### SUPPLIED INFORMATION
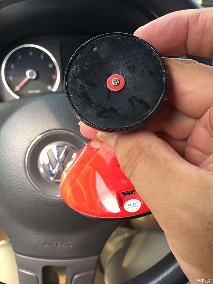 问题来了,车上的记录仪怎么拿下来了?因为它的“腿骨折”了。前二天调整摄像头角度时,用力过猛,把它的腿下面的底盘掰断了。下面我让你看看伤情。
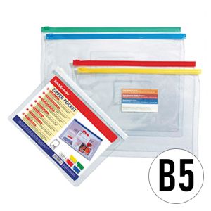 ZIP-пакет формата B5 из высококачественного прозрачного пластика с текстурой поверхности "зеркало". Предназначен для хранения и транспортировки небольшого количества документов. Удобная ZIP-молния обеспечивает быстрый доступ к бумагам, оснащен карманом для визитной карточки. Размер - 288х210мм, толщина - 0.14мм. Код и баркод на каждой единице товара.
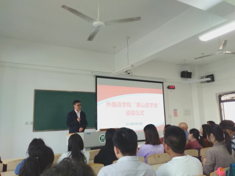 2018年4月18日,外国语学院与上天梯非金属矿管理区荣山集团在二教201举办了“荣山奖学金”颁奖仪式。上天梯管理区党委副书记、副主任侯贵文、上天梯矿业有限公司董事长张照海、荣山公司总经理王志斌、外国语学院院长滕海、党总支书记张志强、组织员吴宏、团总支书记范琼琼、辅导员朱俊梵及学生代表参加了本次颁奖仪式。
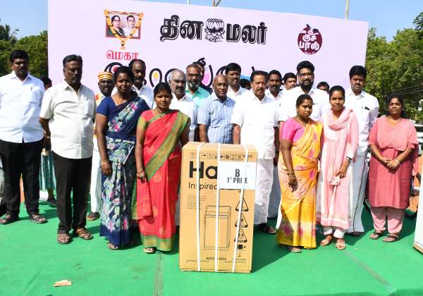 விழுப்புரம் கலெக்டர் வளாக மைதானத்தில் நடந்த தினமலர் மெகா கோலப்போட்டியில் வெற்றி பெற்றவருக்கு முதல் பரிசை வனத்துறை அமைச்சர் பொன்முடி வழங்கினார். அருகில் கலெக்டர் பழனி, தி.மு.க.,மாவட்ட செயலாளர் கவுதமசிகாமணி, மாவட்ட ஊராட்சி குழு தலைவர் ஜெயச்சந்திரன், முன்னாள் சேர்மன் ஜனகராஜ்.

### WHAT THIS TASK INVOLVES
Give back, exactly and with nothing added, the lines from the line with "2018年4月18日,外国语" through the final line of the data, both included; leave pictures out.

### TASK RESULT
 2018年4月18日,外国语学院与上天梯非金属矿管理区荣山集团在二教201举办了“荣山奖学金”颁奖仪式。上天梯管理区党委副书记、副主任侯贵文、上天梯矿业有限公司董事长张照海、荣山公司总经理王志斌、外国语学院院长滕海、党总支书记张志强、组织员吴宏、团总支书记范琼琼、辅导员朱俊梵及学生代表参加了本次颁奖仪式。
 விழுப்புரம் கலெக்டர் வளாக மைதானத்தில் நடந்த தினமலர் மெகா கோலப்போட்டியில் வெற்றி பெற்றவருக்கு முதல் பரிசை வனத்துறை அமைச்சர் பொன்முடி வழங்கினார். அருகில் கலெக்டர் பழனி, தி.மு.க.,மாவட்ட செயலாளர் கவுதமசிகாமணி, மாவட்ட ஊராட்சி குழு தலைவர் ஜெயச்சந்திரன், முன்னாள் சேர்மன் ஜனகராஜ்.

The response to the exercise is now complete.